Nel 1935, quindi 90 anni orsono, anche la Marina da Guerra dell’Ecuador avrebbe emulato l’antica tradizione marinaresca legata alla vecchia madrepatria iberica, intitolando una Nave-Scuola in memoria di uno dei suoi più grandi Presidenti, il Generale Eloy Alfaro Delgado, colui che aveva favorito non solo il progresso socio-economico del Paese Americano, ma anche la grande emigrazione dall’Europa, oltre che varato un serio programma per l’ammodernamento della stessa Marina da Guerra. Alfaro avrebbe pagato con la propria vita quell’amore che da sempre aveva dimostrato nei riguardi della propria Patria, come vedremo a breve.
Eloy Alfaro il “Viejo Luchador” (vecchio combattente)
Eloy Alfaro Delgado nacque a Montecristi, nella provincia di Manabí (famosa per la produzione dei cappelli di paglia “Panama”), il 25 giugno 1842
Suo padre era un ricco uomo d’affari spagnolo, mentre sua madre era un’indigena della regione ecuadoriana del Manabí.

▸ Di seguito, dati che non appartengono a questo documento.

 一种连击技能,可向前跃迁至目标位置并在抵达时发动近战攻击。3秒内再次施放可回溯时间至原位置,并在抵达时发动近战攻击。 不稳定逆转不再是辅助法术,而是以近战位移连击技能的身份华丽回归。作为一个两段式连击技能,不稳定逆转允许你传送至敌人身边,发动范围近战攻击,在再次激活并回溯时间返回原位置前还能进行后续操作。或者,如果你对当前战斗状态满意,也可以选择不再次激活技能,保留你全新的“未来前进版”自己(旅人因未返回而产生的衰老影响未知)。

Ricevuta un’ottima istruzione, apprese, quindi, la pratica degli affari dal padre.
Di idee liberali avrebbe, in seguito si sarebbe occupato pienamente di politica, partecipato anche a vari eventi rivoluzionari.

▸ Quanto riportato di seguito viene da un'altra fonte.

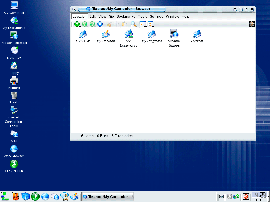 В остальном перед нами типичный рабочий стол с окружением KDE 3 куда вынесены привычные пользователю Windows значки, файловая система тоже организована с оглядкой на Microsoft, но сделано это при помощи символических ссылок, что только больше запутывает, чем облегчает доступ к данным. Вместо того, чтобы познакомить пользователя с организацией хранений данных в Linux разработчики, наоборот, решили его от этого огородить.

La storia dell’Ecuador ci ricorda che l’ufficiale era divenuto uno dei più forti oppositori del Presidente Gabriel García Moreno, noto per essere un fervente cattolico, ma soprattutto un ostinato conservatore, contrario a ogni forma di mutamento sociale in chiave progressista.
Il suo primo “scontro” con il Presidente García Moreno avvenne già nel 1860, allorquando Alfaro partecipò a una rivolta anti-governativa, la quale fallì, costringendolo all’esilio a Panama.
Qui avrebbe poi sposato Ana Paredes y Arosemena, una ricca ereditiera.
Dopo l’assassinio di García Moreno (Quito, 6 agosto 1875), Alfaro tornò in Ecuador, ove riprese a fare politica attiva.
Combatté, quindi, contro Ignacio de Veintimilla, ma fu sconfitto nuovamente e, di conseguenza, costretto ad un altro periodo di esilio. Fece ritorno in Patria nel 1883, ma fu ulteriormente sconfitto.
Da autentico liberale, Alfaro era un sostenitore della separazione tra Chiesa e Stato, tanto da ritenere necessario che l’istruzione scolastica fosse di matrice laica, anziché sottoposta al controllo della stessa Chiesa.
Sosteneva, quindi, il voto universale, mentre i politici conservatori e la Chiesa volevano limitare il voto principalmente ai ricchi. Alfaro auspicava anche maggiori diritti per i lavoratori e gli Ecuadoriani nativi, pur favorendo, come dicevamo prima, l’emigrazione.
A seguito della Rivoluzione del 1895, Alfaro divenne Presidente dell’Ecuador, mandato che ricoprì dal 23 agosto 1895 al 1° settembre 1901.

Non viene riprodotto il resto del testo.